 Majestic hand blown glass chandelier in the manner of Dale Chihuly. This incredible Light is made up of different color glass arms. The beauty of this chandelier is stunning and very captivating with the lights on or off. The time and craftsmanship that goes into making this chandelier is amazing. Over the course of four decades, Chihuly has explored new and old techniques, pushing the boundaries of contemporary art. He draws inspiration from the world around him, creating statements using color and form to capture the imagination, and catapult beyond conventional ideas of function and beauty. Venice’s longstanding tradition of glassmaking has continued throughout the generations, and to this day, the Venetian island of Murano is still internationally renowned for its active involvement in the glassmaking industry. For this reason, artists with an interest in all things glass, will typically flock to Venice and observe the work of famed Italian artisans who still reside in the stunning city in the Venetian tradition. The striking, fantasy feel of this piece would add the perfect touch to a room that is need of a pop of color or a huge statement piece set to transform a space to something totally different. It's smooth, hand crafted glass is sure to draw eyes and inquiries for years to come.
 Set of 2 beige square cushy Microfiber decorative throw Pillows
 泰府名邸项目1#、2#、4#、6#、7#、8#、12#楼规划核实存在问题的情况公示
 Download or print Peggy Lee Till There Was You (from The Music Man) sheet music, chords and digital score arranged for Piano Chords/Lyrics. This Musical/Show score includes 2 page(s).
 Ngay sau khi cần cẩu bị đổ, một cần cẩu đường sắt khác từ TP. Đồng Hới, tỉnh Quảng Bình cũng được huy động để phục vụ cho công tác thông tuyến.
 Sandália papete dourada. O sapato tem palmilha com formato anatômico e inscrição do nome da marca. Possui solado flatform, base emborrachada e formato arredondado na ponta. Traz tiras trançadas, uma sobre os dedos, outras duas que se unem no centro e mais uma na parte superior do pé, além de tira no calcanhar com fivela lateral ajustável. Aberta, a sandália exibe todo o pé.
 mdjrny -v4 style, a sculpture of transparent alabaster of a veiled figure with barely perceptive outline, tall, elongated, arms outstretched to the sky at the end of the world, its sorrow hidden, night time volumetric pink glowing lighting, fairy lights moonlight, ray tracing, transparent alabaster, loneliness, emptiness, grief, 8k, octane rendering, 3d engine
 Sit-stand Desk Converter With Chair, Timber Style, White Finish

— INSTRUCTIONS FOR THE TASK —
All lines above from the one containing "Download or print" to the one containing "mdjrny -v4 style, a" must be repeated exactly, both lines included, and no others.

— RESPONSE TO THE EXERCISE —
 Download or print Peggy Lee Till There Was You (from The Music Man) sheet music, chords and digital score arranged for Piano Chords/Lyrics. This Musical/Show score includes 2 page(s).
 Ngay sau khi cần cẩu bị đổ, một cần cẩu đường sắt khác từ TP. Đồng Hới, tỉnh Quảng Bình cũng được huy động để phục vụ cho công tác thông tuyến.
 Sandália papete dourada. O sapato tem palmilha com formato anatômico e inscrição do nome da marca. Possui solado flatform, base emborrachada e formato arredondado na ponta. Traz tiras trançadas, uma sobre os dedos, outras duas que se unem no centro e mais uma na parte superior do pé, além de tira no calcanhar com fivela lateral ajustável. Aberta, a sandália exibe todo o pé.
 mdjrny -v4 style, a sculpture of transparent alabaster of a veiled figure with barely perceptive outline, tall, elongated, arms outstretched to the sky at the end of the world, its sorrow hidden, night time volumetric pink glowing lighting, fairy lights moonlight, ray tracing, transparent alabaster, loneliness, emptiness, grief, 8k, octane rendering, 3d engine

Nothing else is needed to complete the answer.